Crawford’s case doesn’t qualify under the new law — she was armed with a knife when the shooting occurred — but an independent probe in cases like hers would instill more public confidence in the actions of law enforcement agencies.


I wrote in my last column that funding for three projects in Nevada County requested by Rep. Doug LaMalfa didn’t make the list of earmarks approved by the House Appropriations Committee. It turns out that wasn’t the whole story.

Here’s what actually happened:

— A $1.75 million appropriation for the Ponderosa West fuel suppression project near Grass Valley was reduced to $750,000 and included in the Department of Interior’s appropriations bill.

— A $1.05 million request to build a water tank in North San Juan to fight fires was approved and included in the Department of Agriculture’s appropriations bill.

— A $4.8 million request from the Sheriff’s Office to improve radio infrastructure for first responders in the event of emergencies and natural disasters cleared a House committee last week and will be included in funding for Justice, Commerce and science.

LaMalfa also included a fourth request from the county: $15 million to widen Highway 49 to four lanes from La Barr Meadows Road to McKnight Way.
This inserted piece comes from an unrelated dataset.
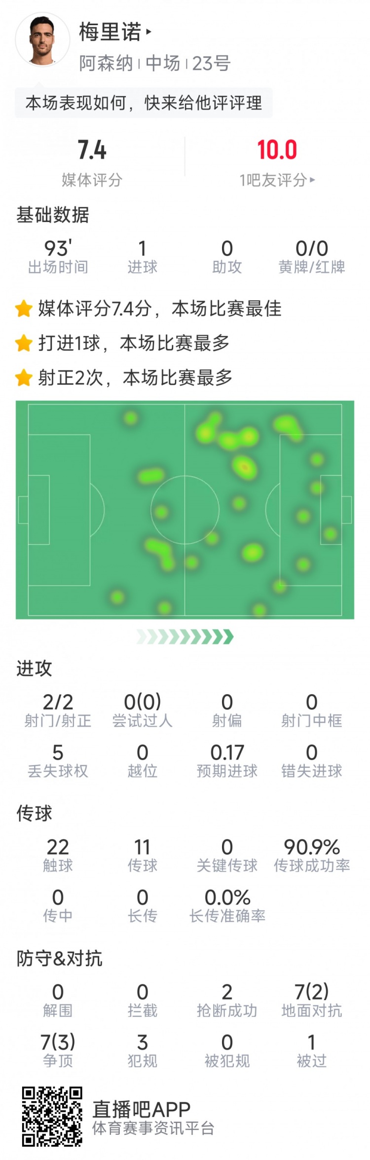 梅里諾本場(chǎng)數據:打進(jìn)全場(chǎng)唯一進(jìn)球,2次射門(mén)均射正,2次搶斷

LaMalfa didn’t mention it in his press release issued April 30, but it was rejected anyway.

Except for the Highway 49 rejection, none of this was detailed in an email I received from LaMalfa’s office June 18 after I asked for an update on the earmarks that went to the House Appropriations Committee for a vote. The text can be found in the online version of this column.

George Boardman lives in Nevada City. His column is published biweekly on Tuesdays by The Union. Write him at

Observations from the center stripe: Hammer edition

THE REPUBLICANS hammered congressional Democrats in 2020 over the issue of defunding the police. The Dems will get hammered again next year over critical race theory is they don’t distance themselves from this new version of a quota system…FOX NEWS is reported to be preparing the launch of its own weather channel. I can’t wait for an explanation of why liberals are responsible for the increase in tornados and hurricanes in red states…THE ANTI-VAXX quacks polluting social media with their false and misleading claims couldn’t be more helpful to our enemies…CAN YOU get French’s mustard in Dijon, France? Probably not…IS IT deceptive packaging if a pound cake doesn’t weigh 16 ounces?